I gave presents of tobacco for every picture I made. I must have paid out several dollars’ worth of tobacco each day. Ten years earlier, when I was on the Snark with Jack London, trade tobacco made from the stalks and refuse from the Virginia tobacco factories had cost less than a cent a stick. The supply I had with me in Malekula had cost almost four cents a stick. Thus the high cost of living makes itself felt even in the South Seas. Tinned foods, cartridges, gasoline, mirrors, knives, and calico also have increased in price enormously since the war. An explorer must expect his expenses to be just about four hundred per cent higher than they were ten years ago. And the trader is in a bad way. For the natives learned how to value trade-stuffs years ago and they insist on buying at the old rate. Increased costs and greater difficulty of transportation mean nothing to them.

On the next day, we went, with an escort of several of Nagapate’s men, to another Big Numbers village about four miles away. That trip was typical of the many downs that are mingled with the ups in a motion-picture man’s existence. The four miles were the hardest four miles I ever walked. The trail lay along the side of a hill, following a deep valley. It was seldom used, and it slanted toward the valley in an alarming way. It was slimy with mud and decayed vegetation, and in many places a slip would have meant a slide of several hundred feet down a steep hill. Both Osa and I had on spiked boots, but they soon became clogged with mud and offered less grip than ordinary shoes. We crept along at a snail’s pace, testing every foothold. Though we left Nagapate’s village at dawn, we did not reach our destination until after ten o’clock. It was a poor and uninteresting village of about thirty houses. Most of the men were off on a pig hunt, and all the women were out collecting firewood and fruits and vegetables. About noon, it began to drizzle. By three o’clock, it had settled down to a good downpour. The women straggled in one by one and retreated into their houses. The men returned in a sullen humor, with a few skinny pigs. According to custom, they broke one hind leg and one front leg of each animal to prevent its escape and threw the wretched little creatures in a squalling, moaning heap. Those on the bottom probably suffocated before morning.

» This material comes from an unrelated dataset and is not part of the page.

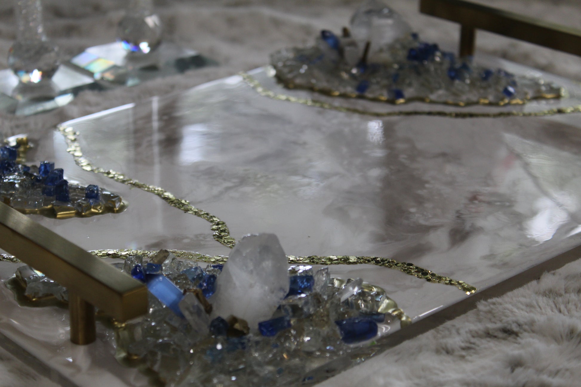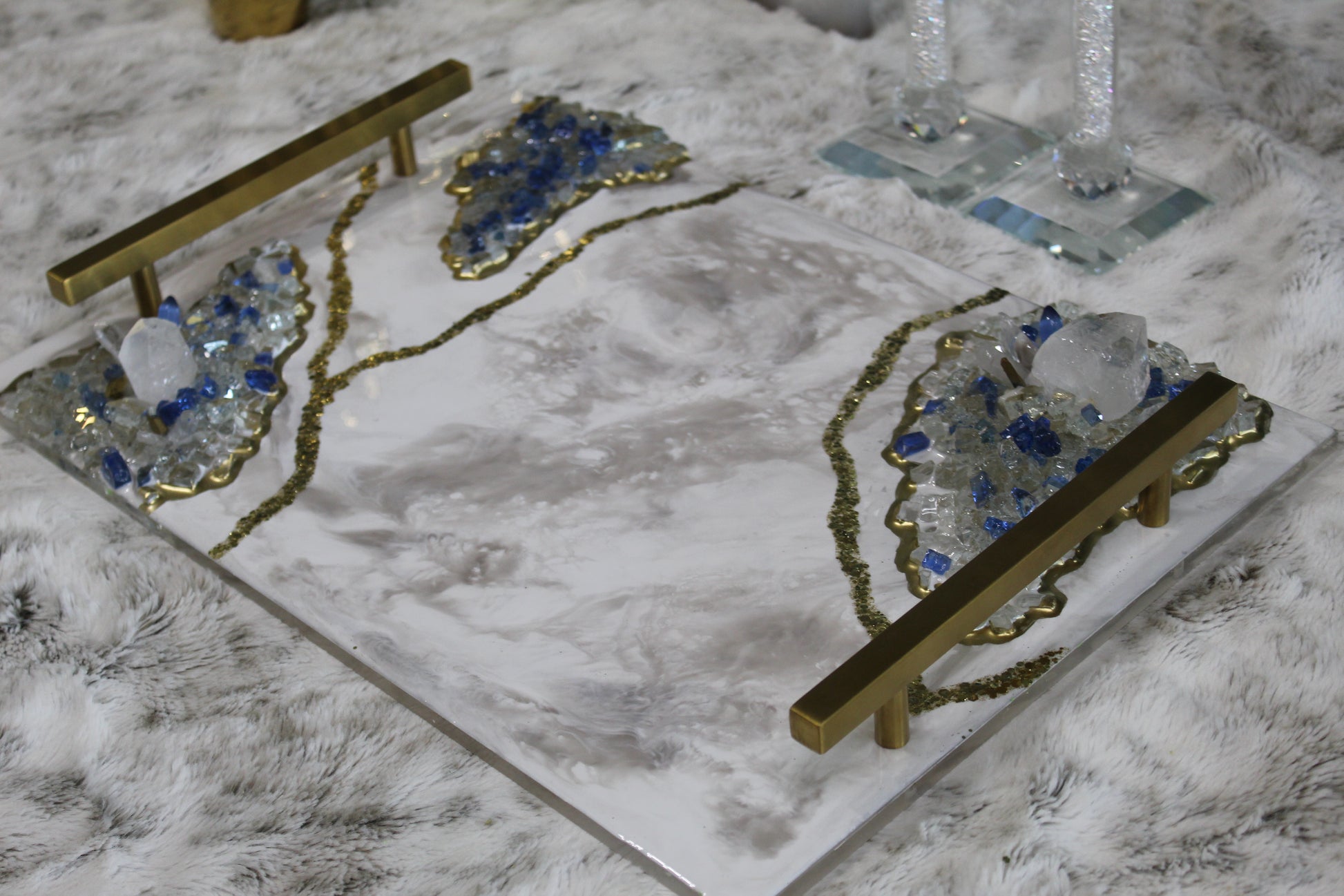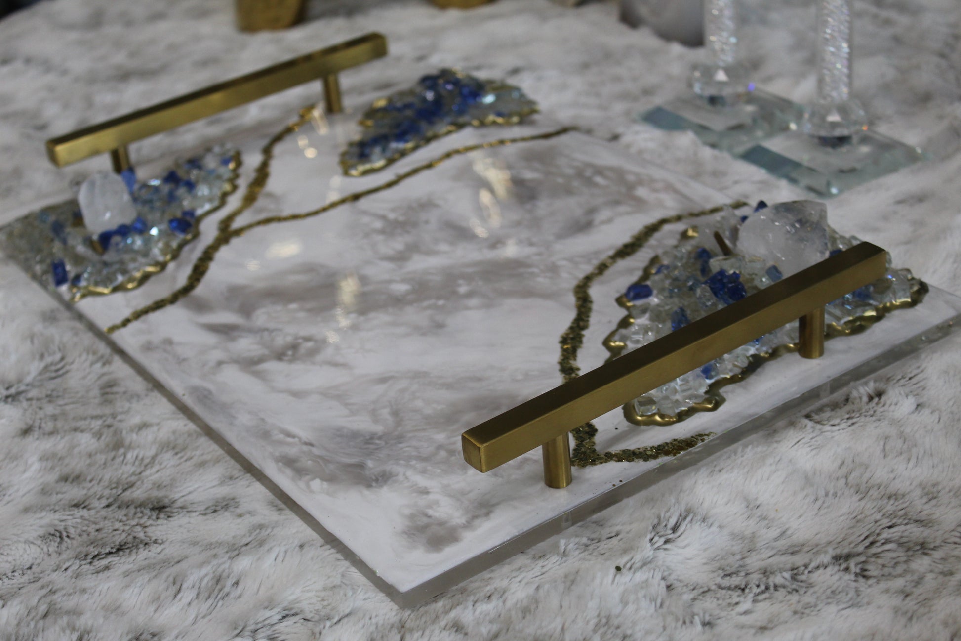 A handcrafted 12x16 resin tray with an acrylic base, each one made with love and intention.

We could not think of retracing our steps over the treacherous trail in that downpour; so we persuaded a native and his wife and two sore-faced children to give up their hut to us. Since we had no blankets, we lay on the hard ground and made the best of a bad bargain.

Next morning, the rain had ceased. But the cane-grass was as wet as a sponge. We had not gone a hundred yards toward Nagapate’s village before we were soaked through. The trail was more slippery than ever. About every quarter of a mile we had to stop and rest. The sun came out boiling hot and sucked up the moisture, which rose like steam all about us. We were five hours in this natural Turkish bath. When we reached our destination, we threw ourselves down and fell asleep in sheer exhaustion. We had not secured a single foot of film, and we felt miserably that we stood a very good chance of contracting fever, which so far we had luckily escaped.